In the several embodiments provided in the present application, it should be understood that the disclosed method and apparatus may be implemented in other ways. For example, the above-described apparatus embodiments are merely illustrative, and for example, a division of a unit is merely a logical division, and an actual implementation may have another division, for example, a plurality of units or components may be combined or integrated into another system, or some features may be omitted, or not executed. In addition, the shown or discussed mutual coupling or direct coupling or communication connection may be an indirect coupling or communication connection through some interfaces, devices or units, and may be in an electrical, mechanical or other form.

In addition, functional units in the embodiments of the present invention may be integrated into one processing unit, or each unit may be physically included alone, or two or more units may be integrated into one unit. The integrated unit can be realized in a form of hardware, or in a form of hardware plus a software functional unit.

The integrated unit implemented in the form of a software functional unit may be stored in a computer readable storage medium. The software functional unit is stored in a storage medium and includes several instructions to enable a computer device (which may be a personal computer, a server, or a network device) to execute some steps of the transceiving method of the embodiments of the present invention. And the aforementioned storage medium includes: various media capable of storing program codes, such as a usb disk, a removable hard disk, a Read-Only Memory (ROM), a Random Access Memory (RAM), a magnetic disk, or an optical disk.

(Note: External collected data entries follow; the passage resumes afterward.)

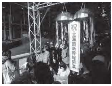
北海道新幹線開業時

イベントでは沿線自治体の魅力を発信するブースや特産品等に関するクイズ、PR品の配布などが行われ、家族連れなどで大変賑わいました!
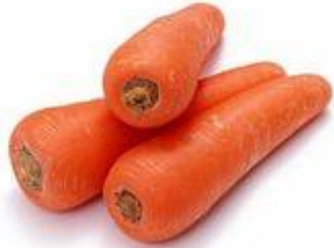
Морковь - пурька
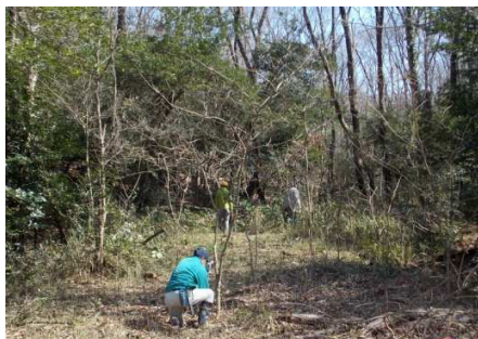
ササ刈も終わりに近づいて

Although some specific embodiments of the present application have been described in detail by way of example, it should be understood by those skilled in the art that the above examples are for illustrative purposes only and are not intended to limit the scope of the present application. It will be appreciated by those skilled in the art that modifications may be made to the above embodiments without departing from the scope and spirit of the present application. The scope of the application is defined by the appended claims.

Claims

1. A method for charging a pile by a robot is characterized by comprising the following steps:

2. The method of claim 1, wherein the step of performing a nearest neighbor search with the target point cloud and the input point cloud comprises:

3. The method of claim 2, wherein the step of continuously updating the input point cloud comprises:

4. The robot-to-pile charging method of claim 3, wherein the laser point cloud is a lidar point cloud comprising three-dimensional coordinates and a laser reflection intensity.

5. A method of charging a pile by a robot as claimed in claim 4, wherein the first predetermined distance is 0.2m to 0.8m, the predetermined multiple is 1 to 2 and the second predetermined distance is 3cm to 8 cm.

6. A robot pile charging system applied to the robot pile charging method according to any one of claims 1 to 5, the robot pile charging system comprising:

7. The robot-to-pile charging system of claim 6, wherein the search module comprises: the eliminating unit and the retaining unit are respectively connected with the calculating module, the eliminating unit is used for eliminating points which are larger than the preset multiple of the first preset distance in the input point cloud, and the retaining unit is used for retaining the points which are smaller than or equal to the preset multiple of the first preset distance in the input point cloud.

8. A robot, characterized in that the robot comprises:

moving the chassis;

the machine body is arranged on the movable chassis, and the movable chassis drives the machine body to move;

and the laser radar is arranged in the machine body.

9. The robot of claim 8, further comprising: a processor and a memory having computer program instructions stored therein, wherein the computer program instructions, when executed by the processor, cause the processor to perform the steps of the robot-to-pile charging method of any of claims 1-5.

10. A computer-readable storage medium, characterized in that it stores a computer program which, when executed by a processor, causes the processor to perform the steps of the robot-to-pile charging method of any one of claims 1-5.